Бродя по полю боя, после победы, Людовик показал себя не бесчувственным, как камни древнего замка, ну то есть настоящим рыцарем, а расклеился как баба… Вокруг были просто горы изрубленных трупов, и швейцарские были отнюдь не в большинстве. И можно понять, почему король был расстроен. Его армия вторжения была серьезно потрёпана еще до встречи с основными силами швейцарцев, наемники начали бузить и требовать еще бабла. А швейцарцы мало того что кидались на минимум пятикратно превосходящие силы, еще и трудно, даже мучительно трудно, умирали. И совсем не сдавались. Тут то Людовик неосторожно высказался в том ключе, что в рот ему ноги, если он еще раз с этими отбитыми наголову психами будет воевать. Еще непонятно кого именно он имел в виду — швейцарцев, или таки своих наемников. Но эту фразу услышали, и стали пересказывать. Ну как же, король (вернее тогда дофин, наследник короля) признался в том, что испугался.
А надо понимать, что в рыцарской среде подобные заявления были несколько опрометчивы. В одной битве, (не на много позже описываемых событий), рыцарская конница подверглась болезненному обстрелу артиллерии. И военачальник прислал приказ — отойти на двести шагов. Чтобы выйти из-под обстрела. Что сделали рыцари? Правильно — возмутились хамством и пошли в атаку. Их разумеется опрокинули и разогнали, но перед этим они успели сломать бедняге военачальнику всю задумку битвы.

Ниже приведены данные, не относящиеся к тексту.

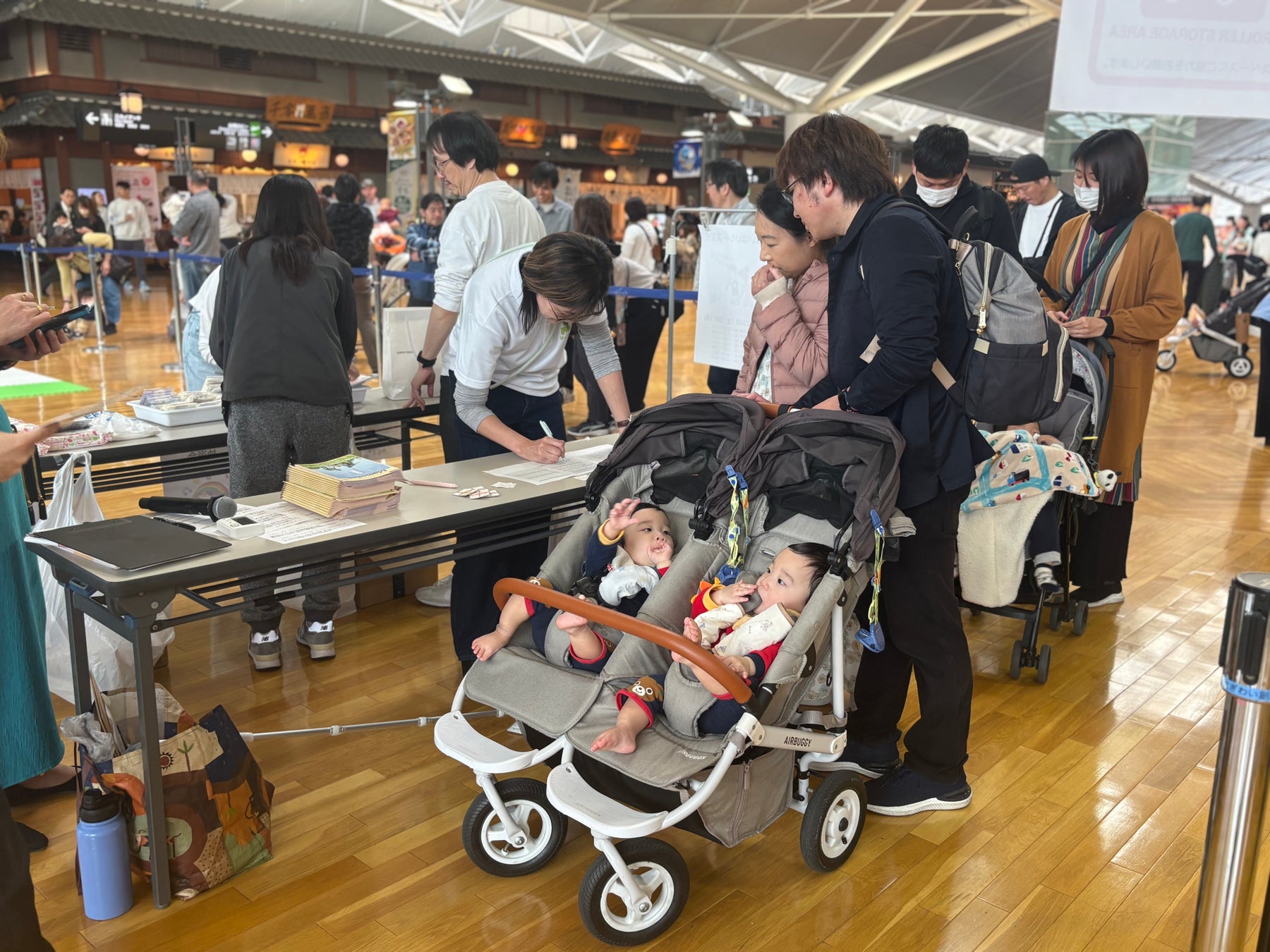 レースには、2日間で計280名の赤ちゃんが参加しました。予約時間が近づくにつれ、赤ちゃんとご家族が続々と受付に集まり、会場はにぎやかな雰囲気に包まれました。ベビーカー置き場も次第に埋まり、イベントへの注目度の高さがうかがえました。

В общем, не по понятиям было проявить даже некоторый намек на то, что ты хоть чуть-чуть не так крут как крутой Уокер. Правда эта демонстрация крутости никак не мешала феодальному ополчению разбегаться с поля боя как зайцы, при первых же осложнениях.
Имея военную знать, с такой яростью почитавшую понты, Людовик, который любил порядок и что бы все было по делу, был неприятен всем приличным людям.